Understanding the Contribution of Primary and Community Services to Health System Resilience During the COVID19 Pandemic in Aotearoa, New Zealand: A Qualitative Interview Study

Author:

Burholt Vanessa1,Wiles Janine1,Schneller Alison1

Affiliation:

1. University of Auckland

Abstract

Abstract

Background The COVID-19 pandemic, an unprecedented event, exposed varying levels of preparedness across health systems. This study examines the resilience of primary health and community services in Aotearoa New Zealand, focusing on their response to the needs of unpaid caregivers and older care recipients during the pandemic’s first waves. The objective is to inform future disaster preparedness and enhance health system resilience. Methods A multidisciplinary research team conducted qualitative research involving semi-structured interviews with service providers (SPs) who provided primary or community home-based services, care, support or information to older people and/or their caregivers across Aotearoa New Zealand.
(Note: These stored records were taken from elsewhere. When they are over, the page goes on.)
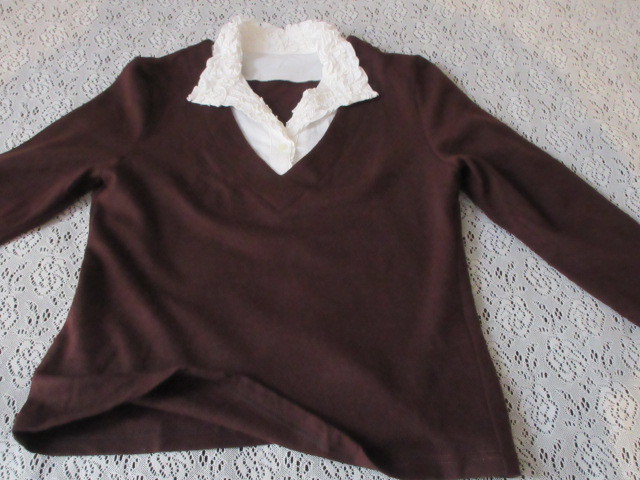 - L)■日本製■【M-collection】■茶伸縮ソフト毛100%&白ピコフリル襟/綿95%■1枚で2枚分!シャツ付き着痩せデザイン!セーター
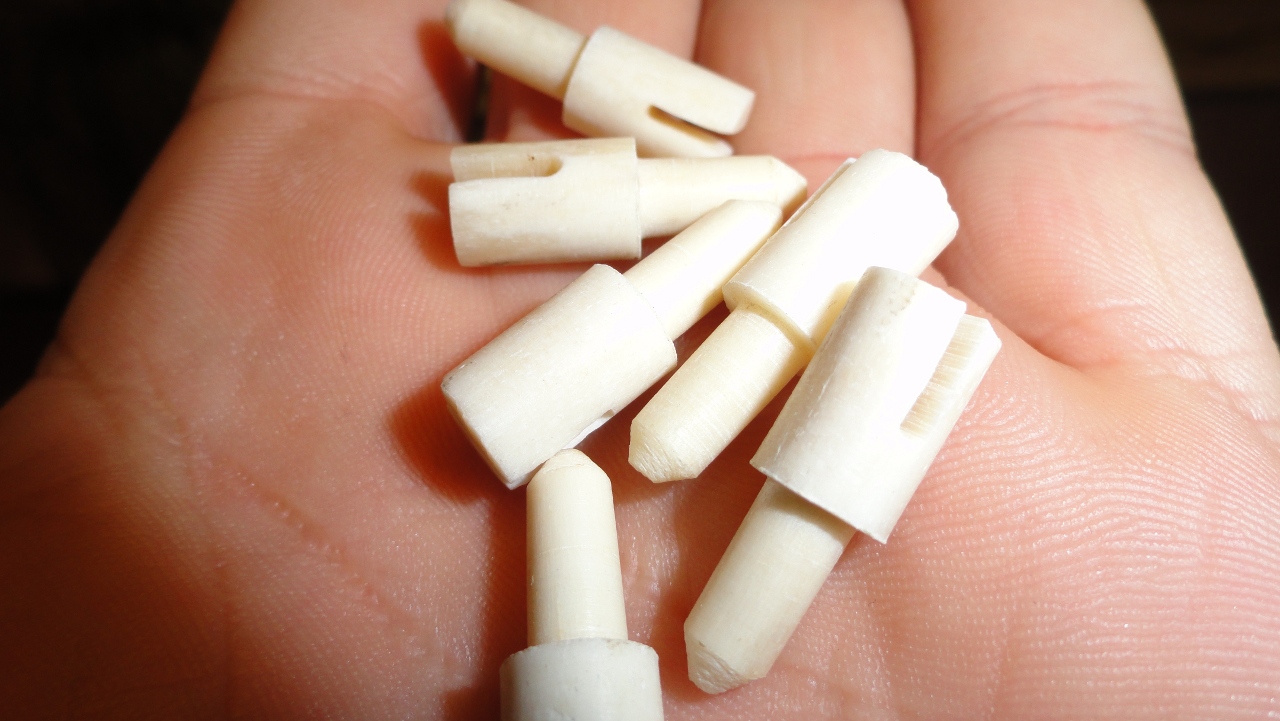 Auf der Band- oder Kreissäge eckige Hornstäbe sägen und die dann rund schleifen oder feilen, geht auch mit der Bohrmaschine.
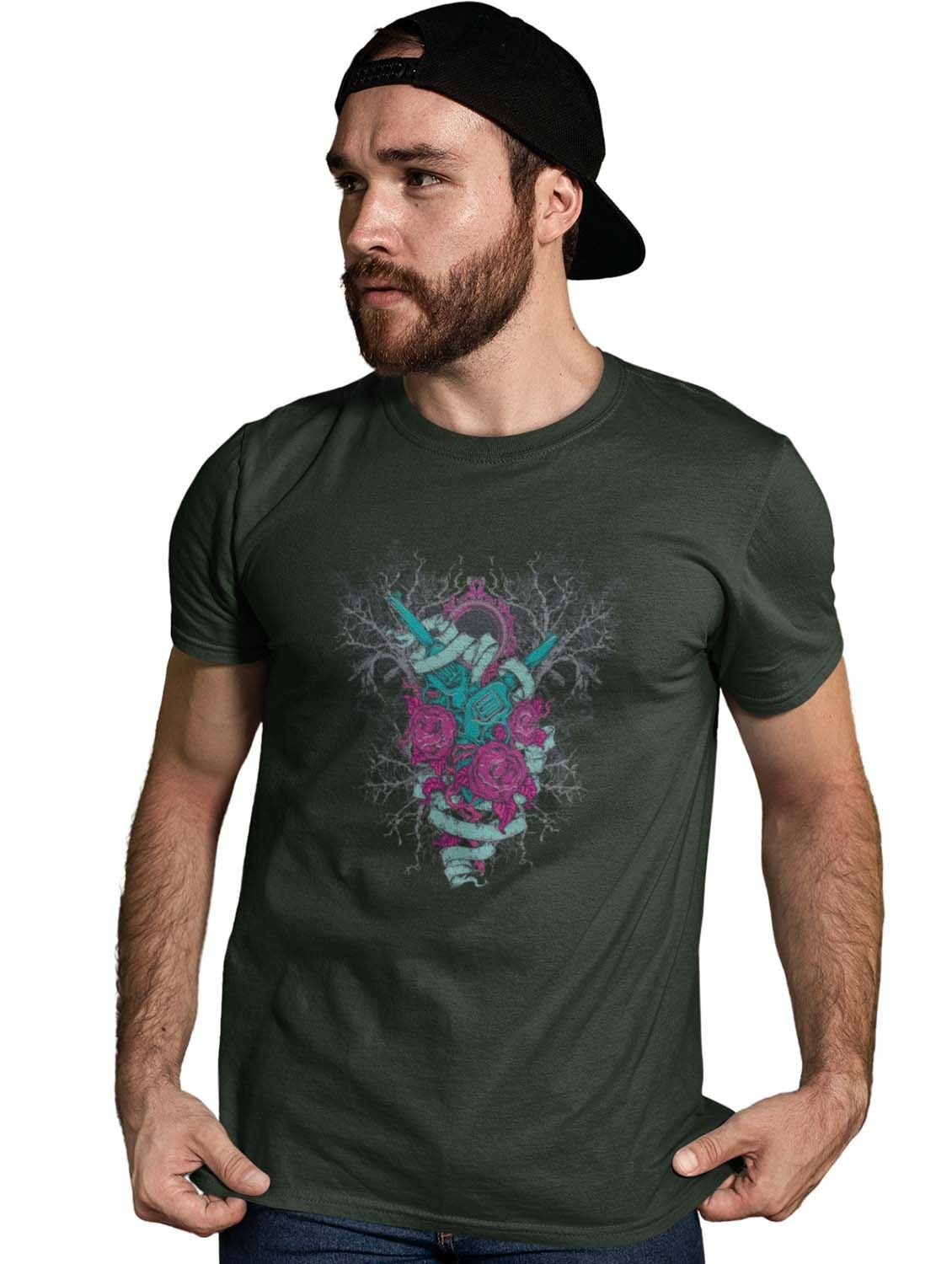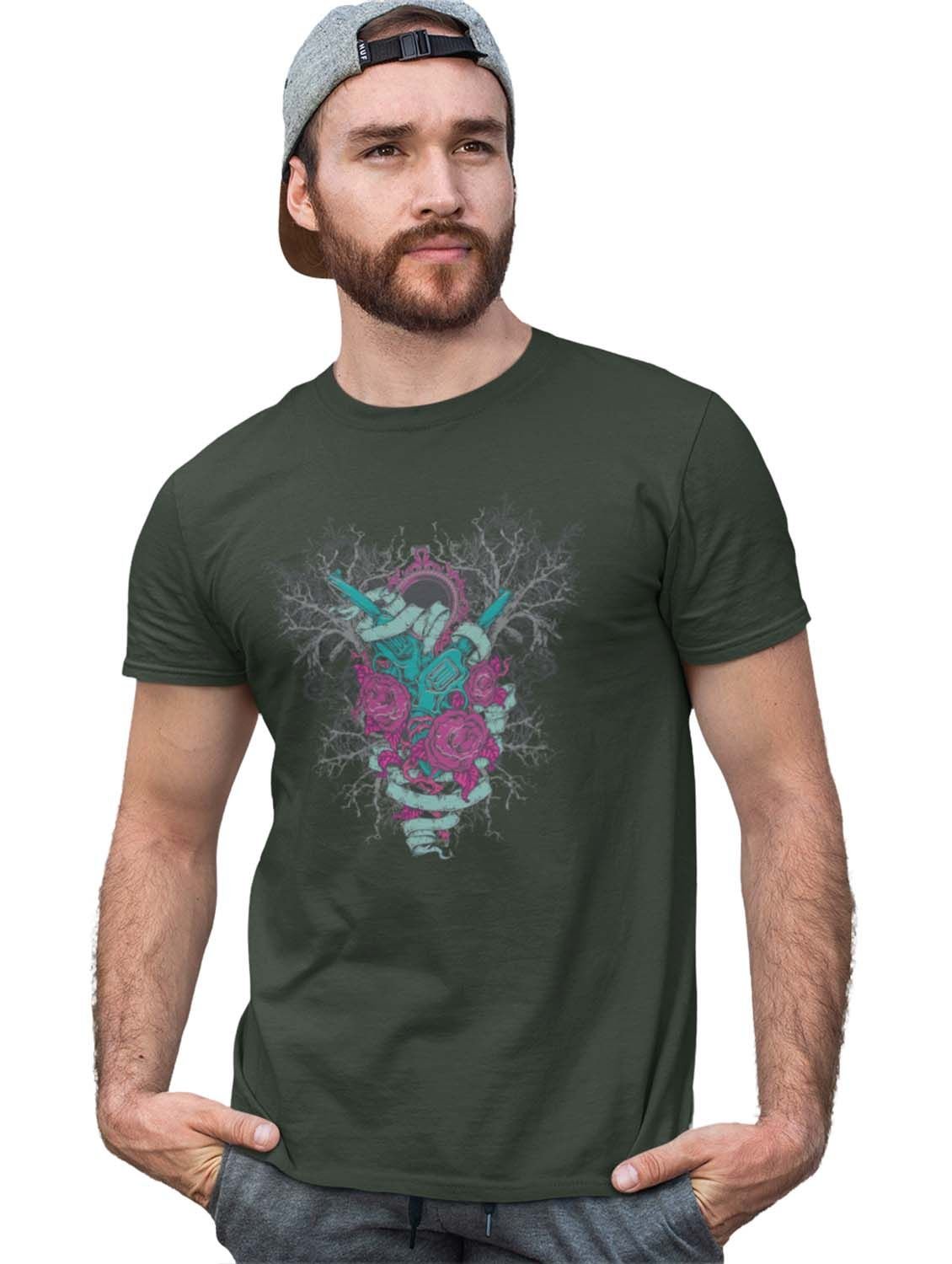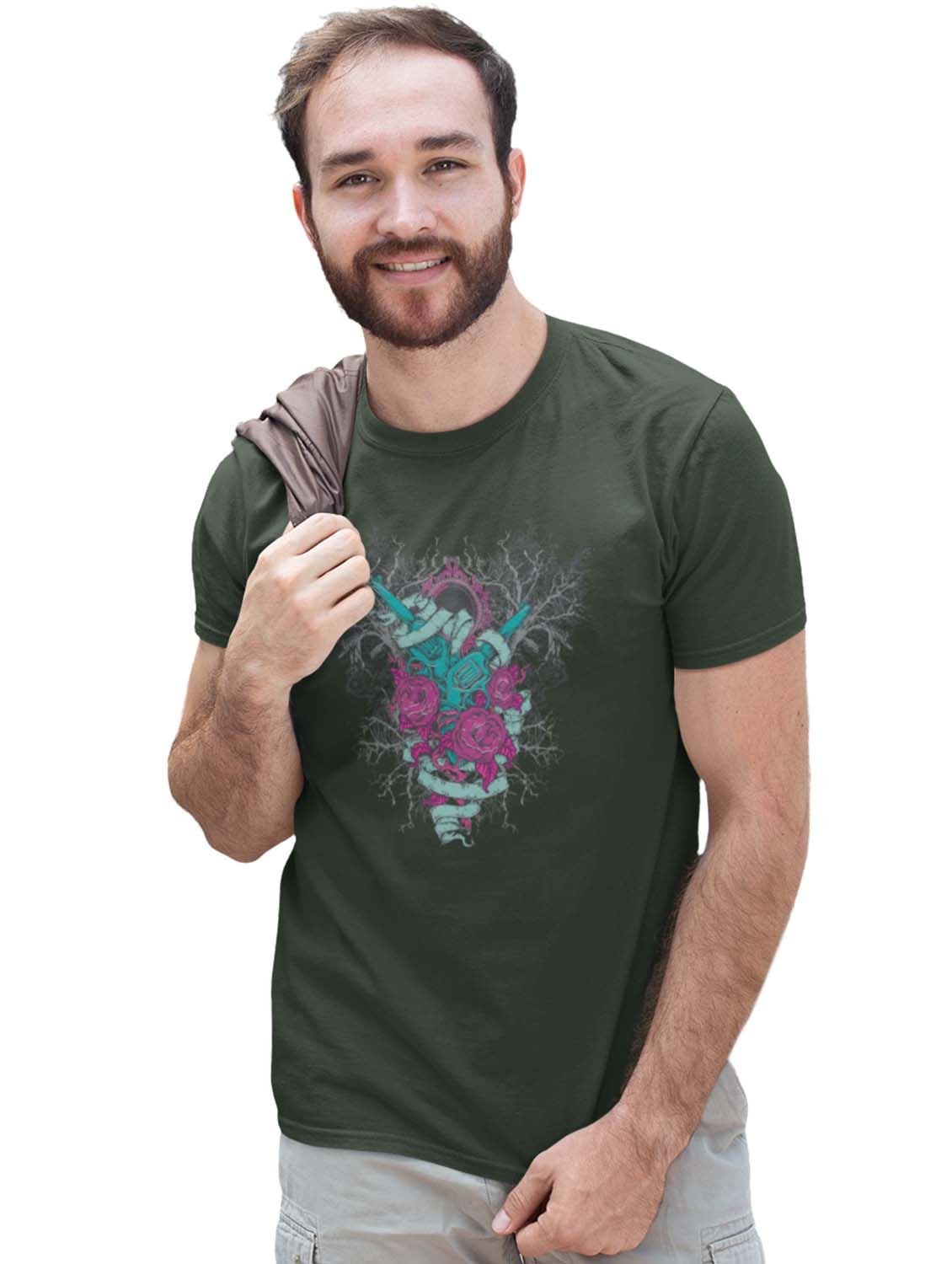 Mirror Monster Green Round Neck Cotton Half Sleeved T-Shirt with Printed Graphics

Views were sought from five service provider groups: national organisations, Māori, Pacific, or rural providers and dementia services. Data were collected between July 7 and October 4, 2020. Interviews focused on innovative practices, resources, and organizational settings. Notes from interviews were revised and validated by participants. Thematic coding and analysis were performed using NVivo 14 software to identify key themes and strategies. Results Twenty SP staff (Chief Executive Officers and representatives) from National (4), Māori (3), Pacific (5), rural (4), and regional dementia service (4) providers) were interviewed. Participants had 0-21 years in post (Mean=7.37, SD=6.56). Telephone interviews lasted 30-45 minutes. Government support, coordination by Civil Defence Emergency Management groups, and regional communication influenced SP resilience. Challenges included access to personal protective equipment (PPE), staffing, identifying vulnerable people, digital access, and accessing residential care facilities. Innovative practices and remote communication were essential for service continuity. Conclusions Aotearoa New Zealand managed COVID-19 effectively, but the pandemic exposed areas for improvement in health system resilience. Examples of absorptive and adaptive resilience in SPs’ and government responses highlighted both strengths and weaknesses. Insights from these experiences can inform transformative resilience, necessitating long-term strategic changes to address vulnerabilities and enhance capacity, ensuring the health system’s robustness and sustainability for future crises.